I ate lunch on the Namaste’s third floor, a quiet, comfortable place with a glimpse of the lake. The fare looked limited but they had good multigrain rolls and cinnamon rolls. I didn’t want yet another coffee so had a lemon soda, which, when I tried it, was exactly what I wanted. I drank it slowly as I wrote, and although I'd exhausted my will to write,  I’d have been happy staying a little longer.
   But a woman had taken the table behind me and had lit a cigarette. She must have guessed.
   ‘I’m sorry,’ she said as I stood to go, ‘is the smoke bothering you?’
   She held her cigarette as far away as possible and low down. Suddenly I wanted to forgive her; I appreciated her awareness.
   ‘I should have asked,’ she said. ‘I can move …’ and she started to get up.
   I reassured her, said I’d finished and was leaving anyway and thanked her for checking. The bill was reasonable for Udaipur, and I thought this would be a good place to while away the hours the next day while I waited for the evening bus to Bhuj.
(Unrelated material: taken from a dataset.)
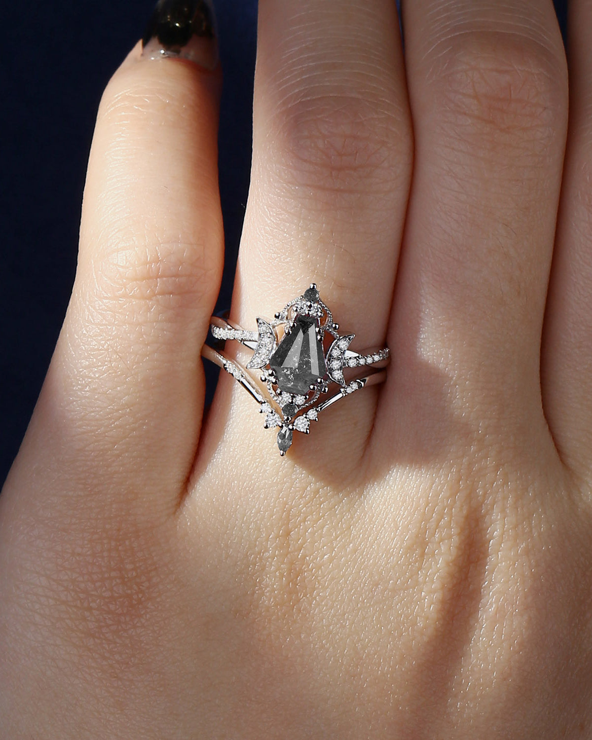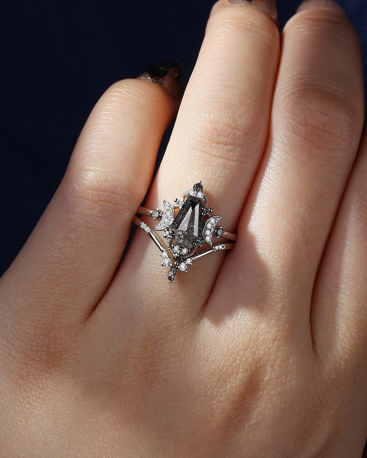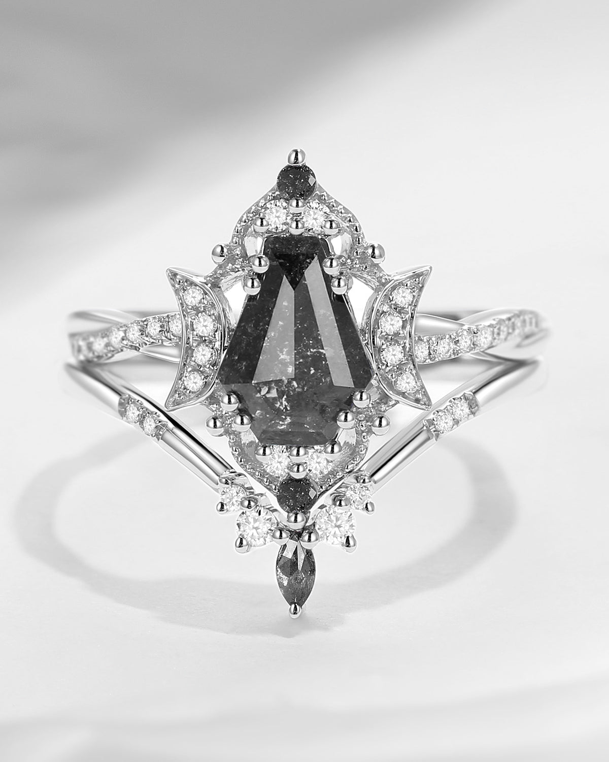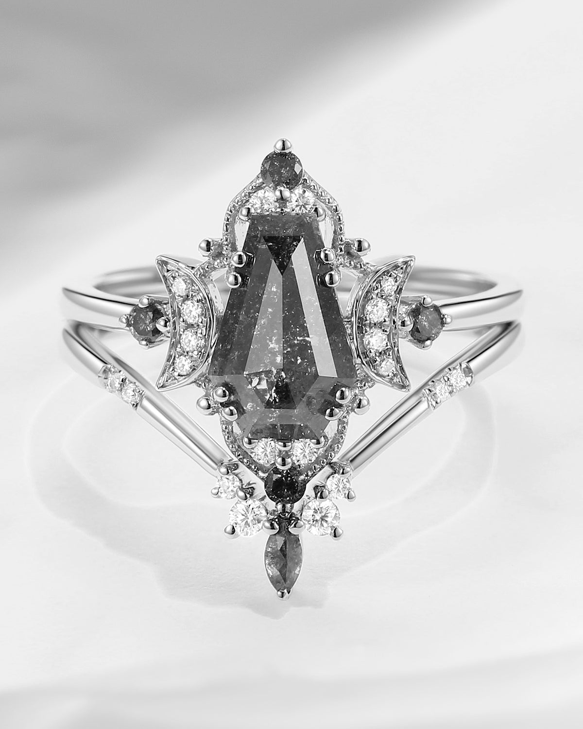 Crescent Moon | Coffin Cut Salt and Pepper Diamond Engagement Ring Set 2pcs

   Later in the morning I’d walked across the second bridge, the Chandpole Bridge, to continue exploring the far bank. As I approached the far end of the bridge, I began to remember the place. Several birds — not pigeons — fidgeted on ledges high above the road. The sight delighted me: Bank mynas! I’d been looking in the wrong place, on the wrong bridge. I didn’t have the big lens, just the 12-40mm, and they were too high up for good photographs, but now I knew where they were, and I’d return early the next morning. I love these birds.
...
I walked to the Lotus for dinner but found it still closed. A man saw me and came over to explain that ‘something had happened in the family’. The owner’s uncle, he said, and assured me the café would be open in the morning. I walked down the road to the Raj Palace, which I was sure I remembered, and had excellent malai kofta — the flavour of the potato skins nicely discernible amid the well-judged spices — with plain rice (hot, not tepid!) and a Kingfisher. An obese pug snuffled around my feet, found me of no interest despite my affectionate pat, and staggered off. Someone had fired up a brazier. A young woman with a backpack seated herself next to an older man who looked like Carl Jung and Gandhi, and they sat quietly watching the flames. Udaipur, I thought, might not have the charm of Bundi, but it still had a lot to offer.
...
I’d eaten enough. I’d bought the bus ticket. I’d walked a long way, and I’d found the Bank mynas. Now, worn out, I returned to my room, stopping only to buy ridiculously cheap ibuprofen. I slept. In the evening I sat on the rooftop and watched the light fade. The sky was full of pigeons and luminous mare’s tails, both going in all directions. On a nearby rooftop, a sleek cat crept over some black plastic water tanks, jumped down out of sight, and reappeared at the top of the steps leading down into the building. It paused, then in a few quick steps dropped down and was gone. On the peak of the highest tower nearby, a small falcon looked down at the cat’s rooftop. I had no binoculars and no camera. A lone egret and a black kite flew past. In a city seething with people, the abundance of other lives sometimes startled me. Earlier in the day, as I'd stepped off the Daiji footbridge, a small rat had scrabbled desperately up some vertical, crumbling brickwork, the mortar disintegrating beneath its tiny paws. I was sure the little animal would fall, but it made it to the safety of a hole and vanished, showering dust and mortar as it fled. I almost cheered.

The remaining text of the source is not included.